JEV is a pathogen of epidemic encephalitis B, is mainly transmitted by mosquitoes, can cause serious acute nervous system symptoms such as encephalitis and meningitis after infection, and can cause death of severe infectors, and JEV and West Nile Virus (WNV), Yellow Fever Virus (Yellow Fever Virus, YFV), dengue Virus (DengueVirus, DENV) are classified as members belonging to Flaviviridae (Flaviviridae) Flavivirus genus (Flavivirus) in the process of assembling JEV particles with diameters of about 50nm, the whole genome length of about 11kb, mainly encode 3 structural proteins (core protein C, membrane protein M, envelope protein E) and 7 non-structural proteins (NS 5, NS2A, 2, B, NS3, Controla 674, a 5, a protein C, a protein M, an envelope protein E) and 7 non-structural proteins (NS 8, NSE) involved in the process of Virus surface invasion of CNS 19, CNS, and HIV infection [ 1. A. JEV is also involved in the process of assembling of HIV, S.S.S.S.S.S.7. A. A. is also relates to the immune host protein of Japanese encephalitis Virus with the immune host protein of Japanese encephalitis Virus, a Virus with the Virus, a Virus with the immune host protein of Japanese encephalitis Virus, a Virus with the immune host protein of CNS, a Japanese encephalitis Virus, a Virus with the immune host protein of Japanese encephalitis Virus, a Virus of a Virus, a Virus of Japanese encephalitis Virus, a Virus of Japanese encephalitis Virus of Japanese.

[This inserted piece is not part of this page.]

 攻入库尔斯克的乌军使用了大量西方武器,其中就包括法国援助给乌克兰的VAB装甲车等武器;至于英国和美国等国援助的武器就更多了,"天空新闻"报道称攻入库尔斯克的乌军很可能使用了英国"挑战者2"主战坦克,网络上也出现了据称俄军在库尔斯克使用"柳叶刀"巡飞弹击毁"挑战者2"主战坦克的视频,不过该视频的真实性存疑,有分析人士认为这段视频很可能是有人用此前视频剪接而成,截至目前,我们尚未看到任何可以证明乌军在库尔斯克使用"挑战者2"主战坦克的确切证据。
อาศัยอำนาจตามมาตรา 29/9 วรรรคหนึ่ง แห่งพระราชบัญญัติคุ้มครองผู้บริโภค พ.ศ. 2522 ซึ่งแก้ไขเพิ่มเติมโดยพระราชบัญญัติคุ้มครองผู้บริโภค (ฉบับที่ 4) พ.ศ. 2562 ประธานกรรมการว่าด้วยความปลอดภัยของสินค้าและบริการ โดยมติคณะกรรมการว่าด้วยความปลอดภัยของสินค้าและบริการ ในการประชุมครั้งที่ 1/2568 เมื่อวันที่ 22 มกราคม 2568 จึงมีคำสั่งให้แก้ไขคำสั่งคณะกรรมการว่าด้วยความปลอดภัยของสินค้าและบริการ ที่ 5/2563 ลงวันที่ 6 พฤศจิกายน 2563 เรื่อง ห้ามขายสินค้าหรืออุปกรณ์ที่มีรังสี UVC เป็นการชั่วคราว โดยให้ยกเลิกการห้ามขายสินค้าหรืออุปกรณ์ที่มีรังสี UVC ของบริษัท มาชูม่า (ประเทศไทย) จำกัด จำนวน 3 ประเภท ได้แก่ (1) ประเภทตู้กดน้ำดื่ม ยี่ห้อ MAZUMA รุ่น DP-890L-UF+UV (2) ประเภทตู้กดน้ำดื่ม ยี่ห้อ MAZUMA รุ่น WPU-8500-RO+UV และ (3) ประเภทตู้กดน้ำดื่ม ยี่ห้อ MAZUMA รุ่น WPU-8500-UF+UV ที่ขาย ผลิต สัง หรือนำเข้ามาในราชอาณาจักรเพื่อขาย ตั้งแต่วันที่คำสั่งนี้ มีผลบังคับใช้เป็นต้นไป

To date, there is no specific drug or specific method for treating encephalitis b, mainly broad-spectrum antiviral therapy and symptomatic therapy. Broad-spectrum antiviral nucleic acid analogues (such as ribavirin) and cytokines (such as interferon) are mainly used in antiviral drugs, and nucleic acid targeted therapeutic agents, flavonoid compounds and the like are also reported to be used for treatment. At present, although there are some reports on antiviral drugs, vaccines, RNA and the like aiming at the replication of the Japanese encephalitis virus, most of them are still in the development stage. In order to find an effective treatment method, researchers at home and abroad are always researching and developing drugs for targeting encephalitis B virus infection, and mainly focus on several research directions: firstly, the encephalitis B is treated by searching the existing medicines with better antiviral effect; secondly, designing and synthesizing derivatives of the existing antiviral drugs according to the molecular biology characteristics of the JEV; thirdly, designing and screening new anti-JEV drugs. However, the evaluation of the anti-JEV effect achieved today mainly stays at the stage of animal model, cell and molecular level, and whether it can be applied to clinical treatment or not is yet to be studied intensively.

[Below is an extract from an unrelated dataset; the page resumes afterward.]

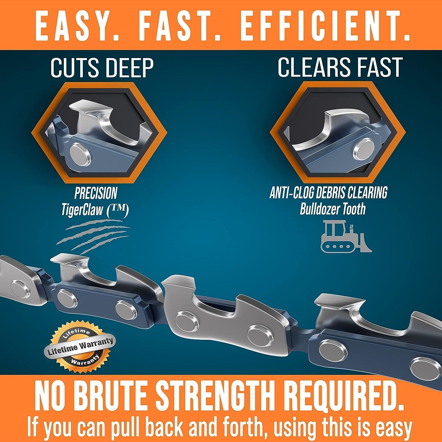5. Fast Cutting: The hand saw chain has a sharp and efficient cutting edge that can remain sharp for long periods, making it ideal for chopping wood in survival situations and outdoor adventures.
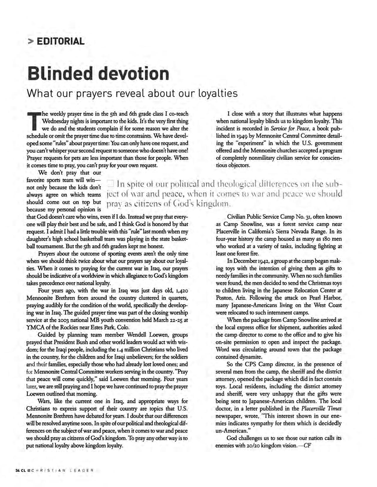I close with a story that illustrates what happens when national loyalty blinds us to kingdom loyalty. This incident is recorded in Service for Peace, a book published in 1949 by Mennonite Central Committee detailing the "experiment" in which the U.S. government offered and the Mennonite churches accepted a program of completely nonmilitary civilian service for conscientious objectors

Rifamycin (Rifamycin) drugs are antibiotics produced by Streptomyces mediterranei, have broad-spectrum antibacterial action and have strong inhibitory action on gram-positive bacteria such as tubercle bacillus and staphylococcus aureus, among which Rifampicin, rifapentine and rifabutin are the drugs which are clinically used at present, not only have wide antibacterial spectrum and can be used for various bacterial infectious diseases, but also have outstanding curative effect on tuberculosis, and are the first line drugs for treating tuberculosis [ Rothstem DM. rifaxins, Alone and combination. Cold Spring harbor Perspecific medicine.2016; 6(7): a011. purified 2016 J.1. doi: 10.1101/cshpoper. 027. 011] in vitro experiments, and show that Rifampicin can be proved to inhibit replication of porcine virus (antibiotic) viruses [ Acribe, virus.

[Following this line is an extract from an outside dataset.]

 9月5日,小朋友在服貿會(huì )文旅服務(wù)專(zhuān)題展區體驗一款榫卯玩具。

At present, no document reports the effect of rifamycin drugs in resisting Japanese encephalitis virus infection and the application of rifamycin drugs in treating Japanese encephalitis.

Disclosure of Invention

The main purpose of the application is to provide a new application of rifamycin to solve the problem that no specific drug for Japanese encephalitis virus exists in the related art.

In order to achieve the above objects, in a first aspect, the present application provides a novel use of rifamycin.

The new use of the full dress mycin according to the application: the application of rifamycin in preparing medicine for preventing and treating Japanese encephalitis is disclosed.

Furthermore, when the rifamycin salt is used for preparing the medicine for preventing and treating the Japanese encephalitis, the rifamycin has an inhibitory effect on the Japanese encephalitis virus.

In particular, rifamycin salts have the effect of inhibiting replication of Japanese encephalitis virus in invading target cells, thereby inhibiting infection by the virus.

On the other hand, the application discovers that when the rifamycin is used for preparing the medicine for preventing and treating the Japanese encephalitis, the preventing and treating effects of the rifamycin and the effect of inhibiting the Japanese encephalitis virus are positively correlated with the concentration of the rifamycin. For example, the rifamycin concentration is 10-40. mu.M.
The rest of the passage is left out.